How to Monitor System Performance with Ubuntu Filebeat
First, ensure Filebeat is installed on your Ubuntu system. You can install it via the official Elastic APT repository for the latest version:
# Add Elastic APT key and repository
wget -qO - https://artifacts.elastic.co/GPG-KEY-elasticsearch | sudo apt-key add -
echo "deb https://artifacts.elastic.co/packages/apt stable main" | sudo tee /etc/apt/sources.list.d/elastic-8.x.list
# Update package list and install Filebeat
sudo apt-get update && sudo apt-get install filebeat -y
This sets up Filebeat with default configurations, ready for customization.

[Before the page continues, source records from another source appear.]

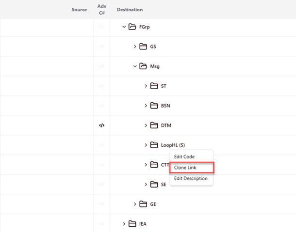 In Simplify, Clone Link allows you to add additional segments, records, fields, or elements to your destination map.
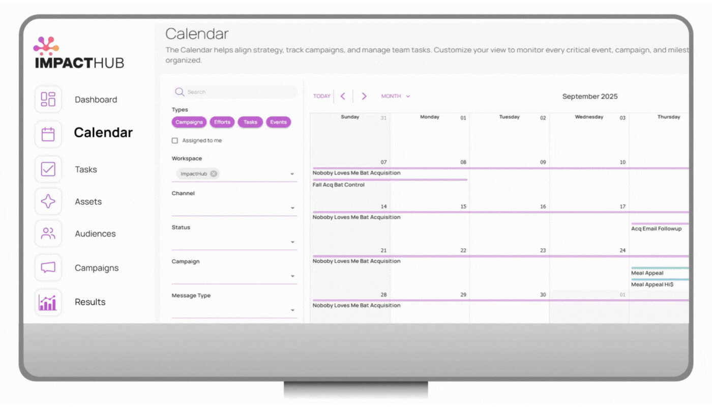 Fundraisers, marketers, and agencies told us the same story: scattered assets, chaotic calendars, and no connection to results. The Hub is the only marketing ops engine built for nonprofits to solve these pains. We’re here to help. Schedule a time to talk that works for you.
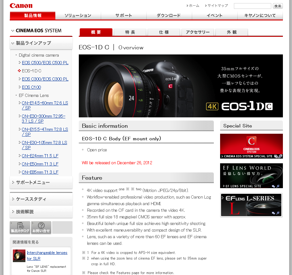 Canon Japan CINEMA EOS SYSTEM EOS-1D C We are hoping to start shipping next week! |
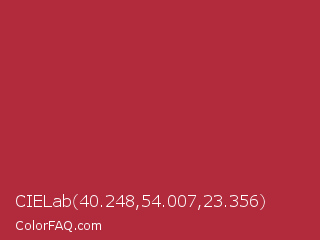 CIELab 40.248,54.007,23.356 Color is a normal red color and the nearest color is Well Read #b43332. Hex code #b12b3c and RGB value is rgb(177,43,60). In RGB color space, this color is composed of 69% red, 17% green, 24% blue, In CMYK color space, this color is composed of 0% cyan, 76% magenta, 66% yellow , 31% black , In HSL color space, this color has a hue angle of 352° , 61% saturation and 43% lightness.
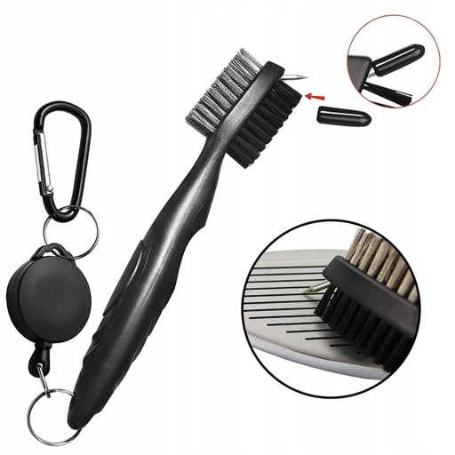 Szczotka Do Kijów Golfowych Z Karabińczykiem Do Czyszczenia Rowków Do Akcesoriów Golfowych Czarna

Filebeat includes pre-built modules for monitoring system performance metrics (e.g., CPU, memory, disk, network). These modules simplify configuration by auto-defining inputs, processors, and dashboards. To enable system monitoring:
# Navigate to the modules directory
cd /etc/filebeat/modules.d
# Enable system modules (disable "disable: true" in each file)
sudo nano system.yml # Set "enabled: true"
sudo nano system-logs.yml # Set "enabled: true"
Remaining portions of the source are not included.